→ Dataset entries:

[Start of Attachment]

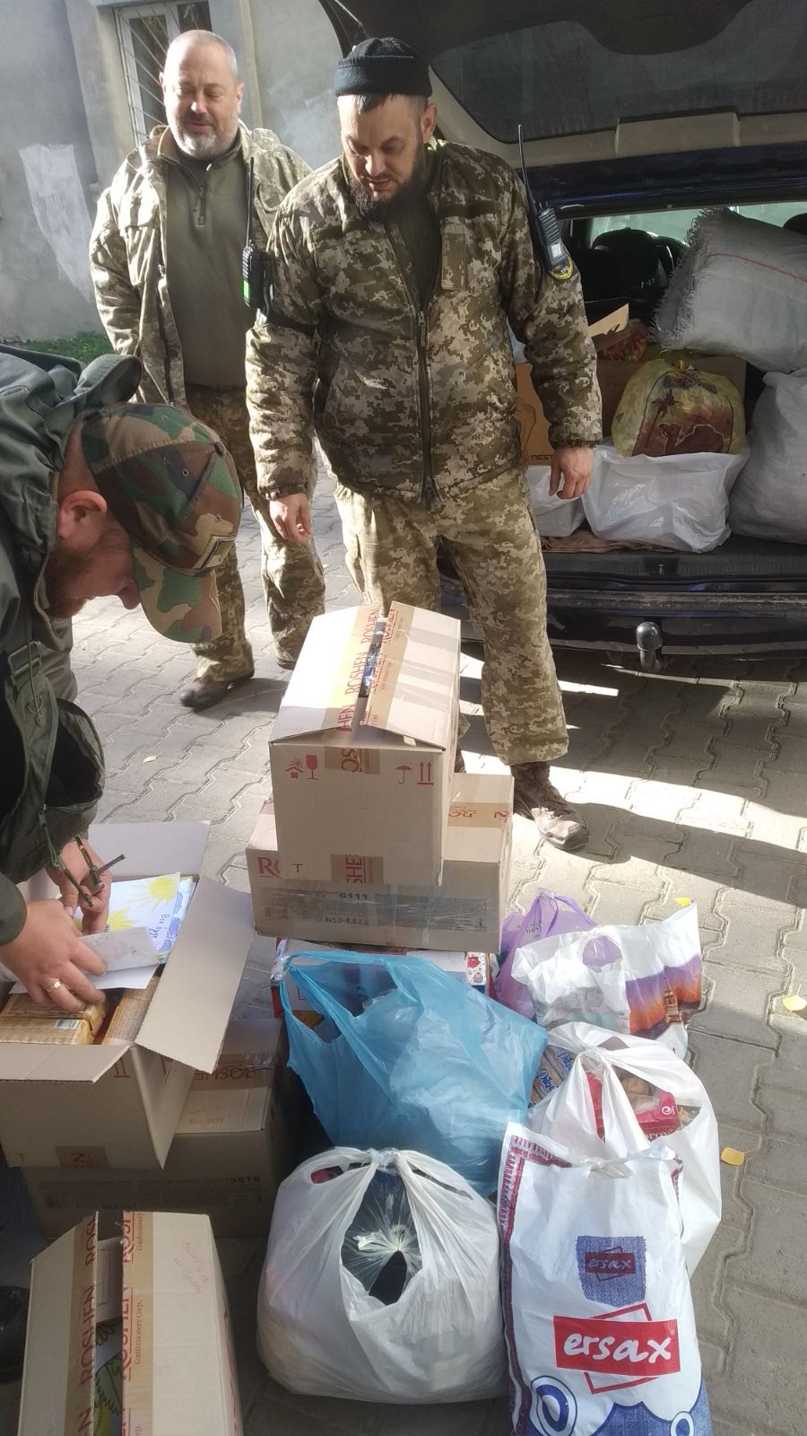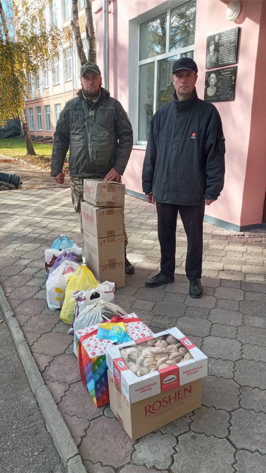 Смаколики, дитячі малюнки й сувеніри, одяг, теплі шкарпетки, шапки, ліки, предмети особистої гігієни зібрали й передали до Дня захисників і захисниць України батьки, учні та вчителі КУ СЗОШ №18 добровольчому формуванню ТРО-8 міста Суми.
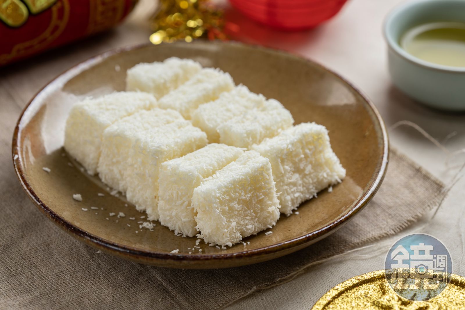 光雪花糕就用上3種粉,其中一種是「OAK全脂奶粉」,還得花好大力氣用「扯」的,扯出Q度,「讓它在爐子上邊煮邊扯,要扯到完全不帶水分、筋性出來,得花半小時。」撒上椰子粉的雪花糕,冰冰吃軟Q、奶香濃,不愛椰子也可選裹上特調穀粉的日式雪花糕,穀香淡雅。
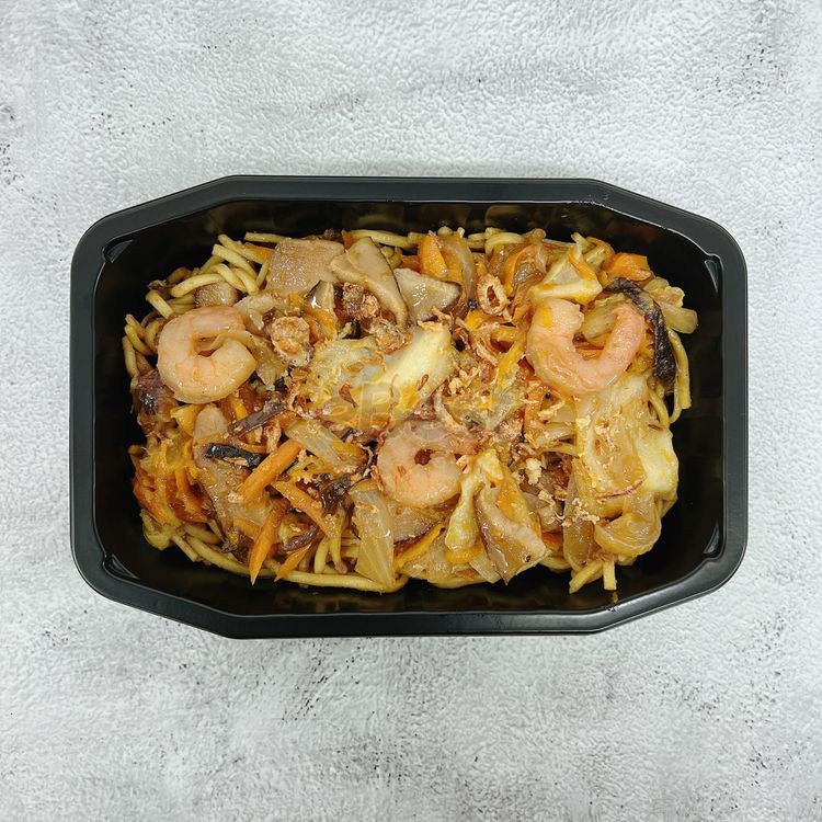 Using chewy noodles, fresh shrimp, and vegetables to recreate authentic Taiwanese-style stir-fried noodles. Cooked meal. When heating, please tear open a small opening in the package and microwave for 3-4 minutes.
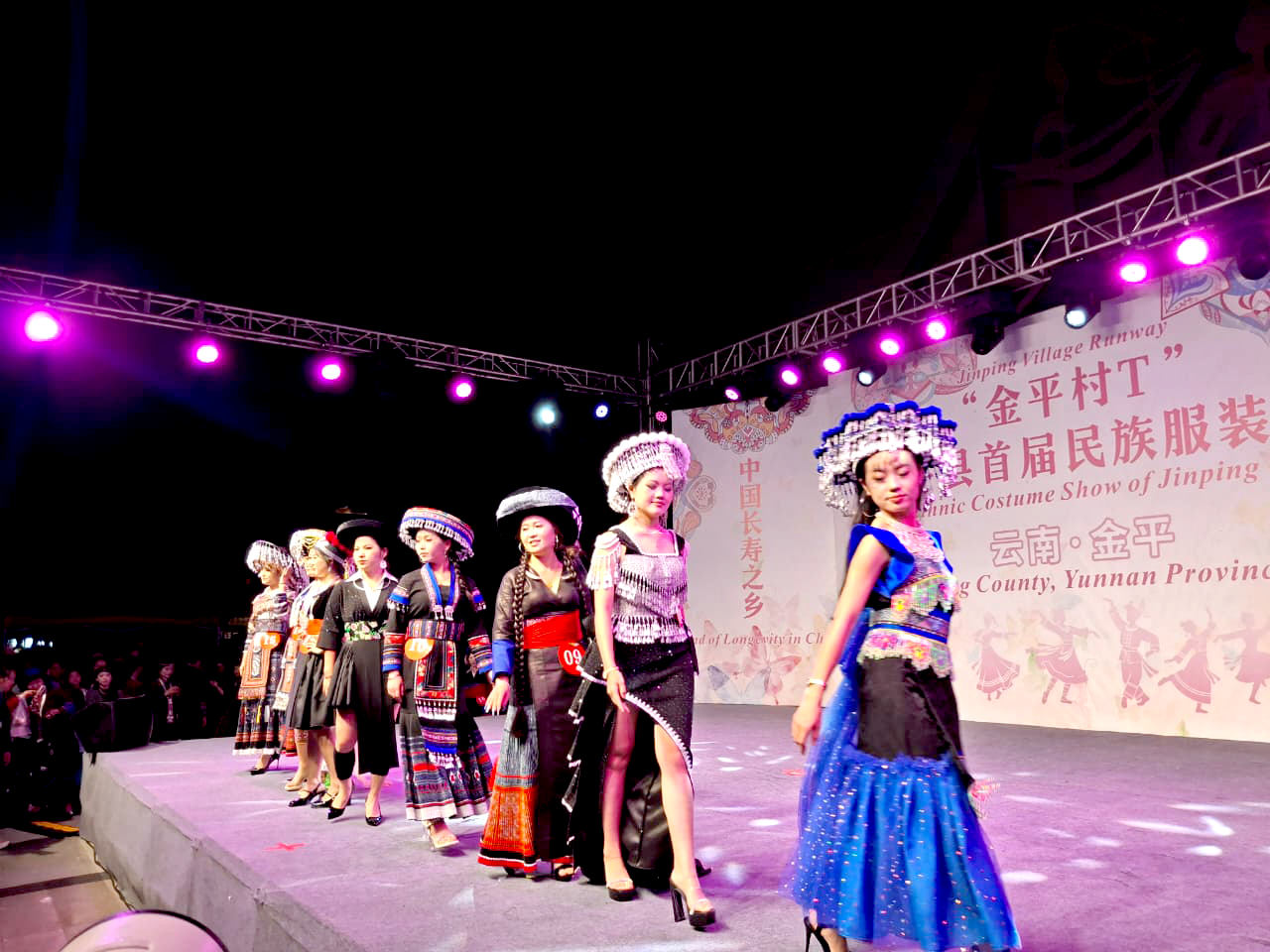 Panggung besar memendarkan cahaya warna-warni. Menimpa layar besar dengan tulisan berwarna merah: 1st Ethnic Costume Show of Jinping County.
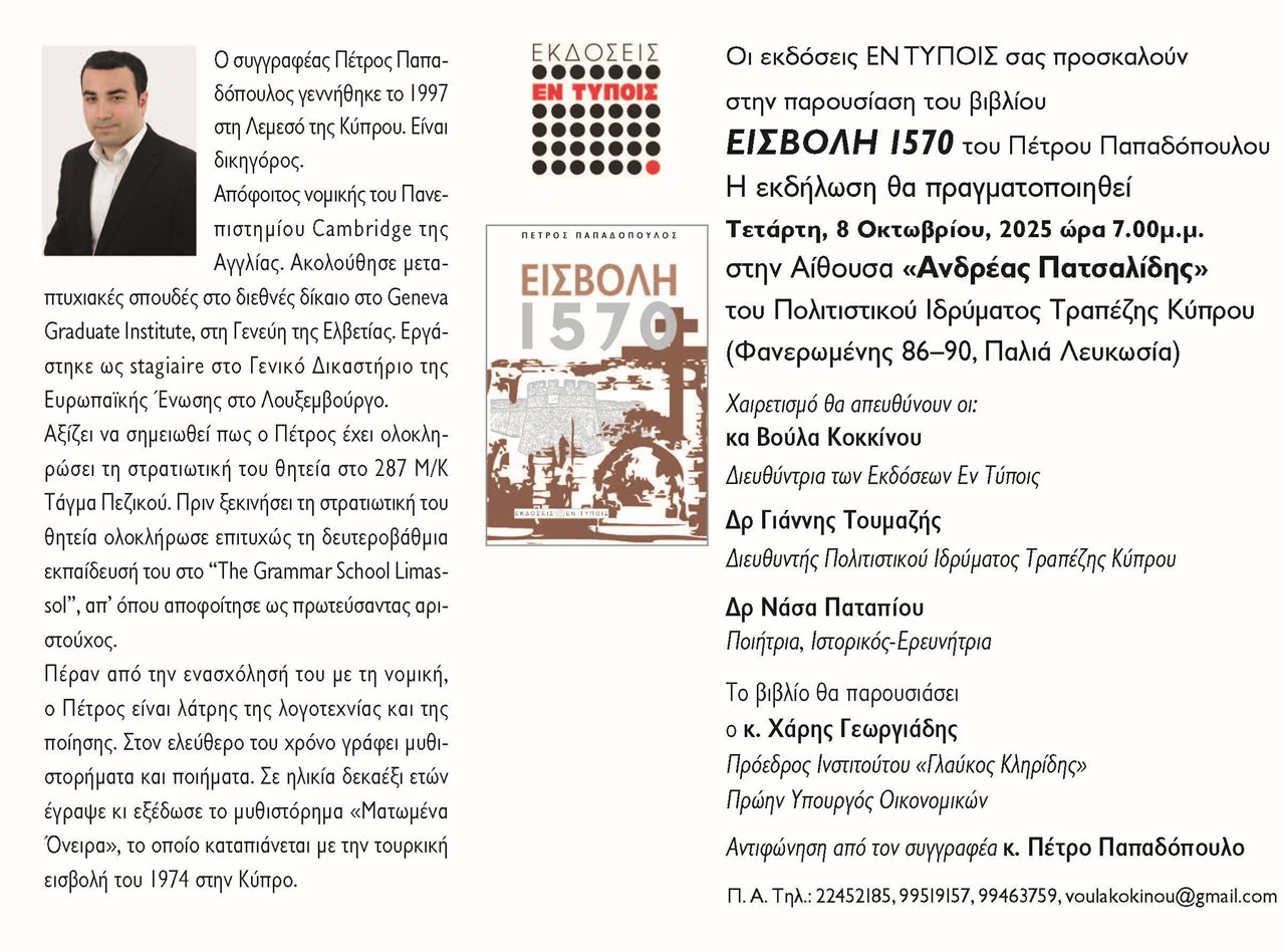 Οι Εκδόσεις Εν Τύποις σας προσκαλούν στην παρουσίαση του βιβλίου ΕΙΣΒΟΛΗ 1570 του Πέτρου Παπαδόπουλου, στις 8 Οκτωβρίου 2025 ώρα 7:00μ.μ. στην αίθουσα "Ανδρέας Πατσαλίδης" του Πολιτιστικού Ιδρύματος Τραπέζης Κύπρου (Φανερωμένης 96-90, Παλιά Λευκωσία).
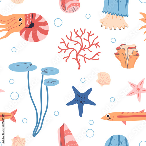 © tanyabosyk, Naklejka premium Sea animals, fish, whale, jellyfish, shell, coral and seaweed, crab, starfish. Seamless pattern of hand drawn sea life creatures and elements. Vector doodle cartoon set of marine life objects.
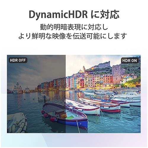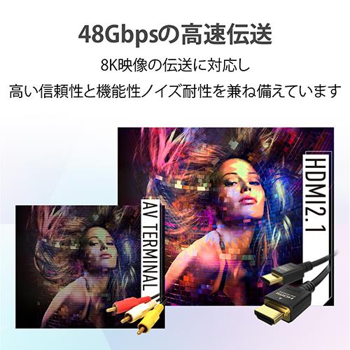 ■8K(60P)/4K(120P)に対応し、超高解像度かつ更になめらかな映像の伝送が可能なUltra High Speed HDMI(R)Cable規格認証済ケーブルです。
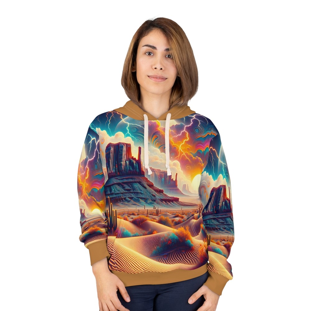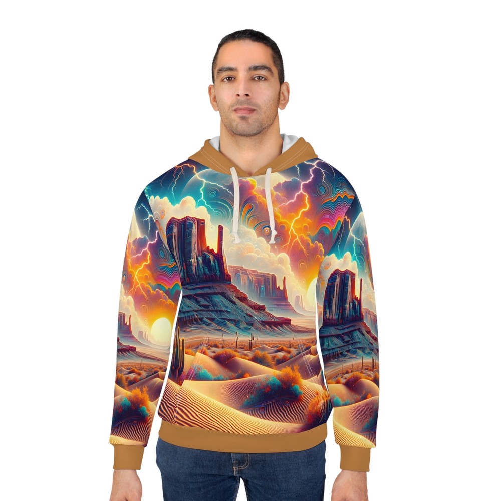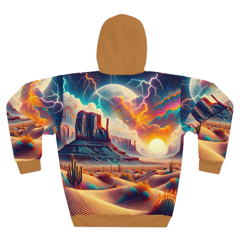 Embrace the desert vibes with our Desert-Inspired All-Over Print Hoodie, featuring a stunning psychedelic sunset design. This unisex pullover combines comfort and style, perfect for cozy evenings or adventurous days. Let the vibrant colors and unique patterns express your individuality. Stand out anywhere you go! - Made of 100% durable polyester - Medium weight fabric with a classic fit - Tumble dry: low heat - Machine wash: cold (max 30C or 90F) XS S M L XL 2XL Length, in 25.00 26.61 27.64 29.25 30.24 31.89 Width, in 20.00 21.50 22.99 24.49 26.50 28.50 Sleeve Length, in 23.86 24.25 24.88 25.39 25.87 26.38
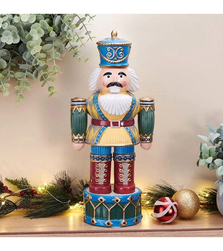 Lo Schiaccianoci Winter Whimsy Soldier si erge sull'attenti in una festa dai colori vivaci, adornata nelle tonalità del blu invernale con accenti dorati e appoggiata su una base a tamburo, aggiungerà magia alle feste per tutto il periodo natalizio.

[End of Attachment]

Images aside, return each entry above precisely as it stands.

→ Solved exercise:
 Смаколики, дитячі малюнки й сувеніри, одяг, теплі шкарпетки, шапки, ліки, предмети особистої гігієни зібрали й передали до Дня захисників і захисниць України батьки, учні та вчителі КУ СЗОШ №18 добровольчому формуванню ТРО-8 міста Суми.
 光雪花糕就用上3種粉,其中一種是「OAK全脂奶粉」,還得花好大力氣用「扯」的,扯出Q度,「讓它在爐子上邊煮邊扯,要扯到完全不帶水分、筋性出來,得花半小時。」撒上椰子粉的雪花糕,冰冰吃軟Q、奶香濃,不愛椰子也可選裹上特調穀粉的日式雪花糕,穀香淡雅。
 Using chewy noodles, fresh shrimp, and vegetables to recreate authentic Taiwanese-style stir-fried noodles. Cooked meal. When heating, please tear open a small opening in the package and microwave for 3-4 minutes.
 Panggung besar memendarkan cahaya warna-warni. Menimpa layar besar dengan tulisan berwarna merah: 1st Ethnic Costume Show of Jinping County.
 Οι Εκδόσεις Εν Τύποις σας προσκαλούν στην παρουσίαση του βιβλίου ΕΙΣΒΟΛΗ 1570 του Πέτρου Παπαδόπουλου, στις 8 Οκτωβρίου 2025 ώρα 7:00μ.μ. στην αίθουσα "Ανδρέας Πατσαλίδης" του Πολιτιστικού Ιδρύματος Τραπέζης Κύπρου (Φανερωμένης 96-90, Παλιά Λευκωσία).
 © tanyabosyk, Naklejka premium Sea animals, fish, whale, jellyfish, shell, coral and seaweed, crab, starfish. Seamless pattern of hand drawn sea life creatures and elements. Vector doodle cartoon set of marine life objects.
 ■8K(60P)/4K(120P)に対応し、超高解像度かつ更になめらかな映像の伝送が可能なUltra High Speed HDMI(R)Cable規格認証済ケーブルです。
 Embrace the desert vibes with our Desert-Inspired All-Over Print Hoodie, featuring a stunning psychedelic sunset design. This unisex pullover combines comfort and style, perfect for cozy evenings or adventurous days. Let the vibrant colors and unique patterns express your individuality. Stand out anywhere you go! - Made of 100% durable polyester - Medium weight fabric with a classic fit - Tumble dry: low heat - Machine wash: cold (max 30C or 90F) XS S M L XL 2XL Length, in 25.00 26.61 27.64 29.25 30.24 31.89 Width, in 20.00 21.50 22.99 24.49 26.50 28.50 Sleeve Length, in 23.86 24.25 24.88 25.39 25.87 26.38
 Lo Schiaccianoci Winter Whimsy Soldier si erge sull'attenti in una festa dai colori vivaci, adornata nelle tonalità del blu invernale con accenti dorati e appoggiata su una base a tamburo, aggiungerà magia alle feste per tutto il periodo natalizio.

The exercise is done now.